**WHAT YOU NEED TO DO**
Drop all pictures and repeat exactly the lines from the line holding "Combo Panel: 2296" through the end of the records.

**SUPPLIED RECORDS**
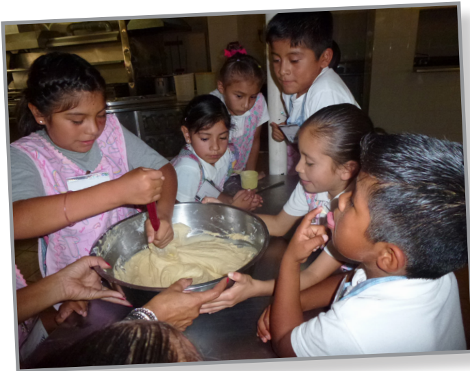
Having fun baking
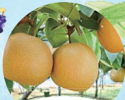
Lake Tama Pears

Yamauchi Vineyard ☎ 03-3300-5741 📍 3-28-7 Wakabacho, Chōfu ☺ 10:00 to 15:00 / Open for only a couple of days in the final weeks of August, be sure to check their website.
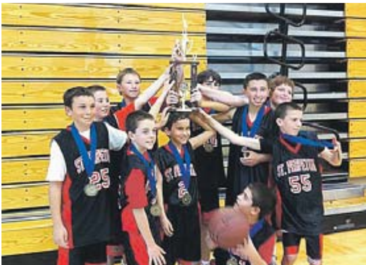
The St. Perpetua sixth grade boys CYO basketball team completed an undefeated season by winning both the West Diablo CYO Championship and the Tournament of Champions.
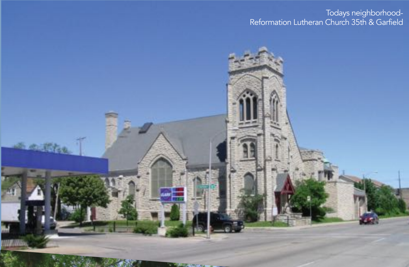
Today's neighborhood- Reformation Lutheran Church 35th & Garfield
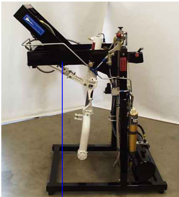
Strut and support

The HYD2 Trainer is a fully functional hydraulic system incorporating various actuator units, accumulator, reservoir, filter, selector unit, constant displacement pump, pressure control valve, and related valves and components to provide an understanding of a typical aircraft hydraulic system. The system also serves the function to provide experience for component removal and replacement, line fabrication, and troubleshooting.
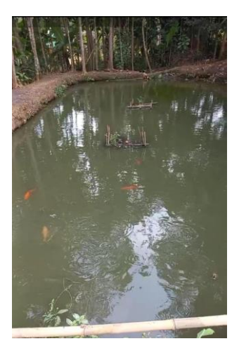
Figure 5: Pond owned by Mrs. Komalasari, one of the training participants Pond location Kp. Cilamo
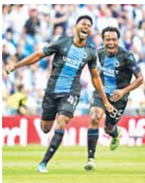
league table as final."

Matches behind closed doors were "theoretically possible", but the league said it preferred not to put more pressure on health services and police in the circumstances. It therefore agreed not to restart the season and "accept the current
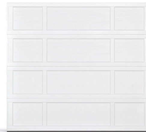
Combo Panel: 2296
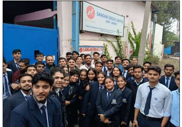
Department of Electrical Engineering organised an industrial visit at Sangam India Ltd., Bhilwara , on 16 th December, 2023.

**RESULT OF THE EXERCISE**
Combo Panel: 2296
Department of Electrical Engineering organised an industrial visit at Sangam India Ltd., Bhilwara , on 16 th December, 2023.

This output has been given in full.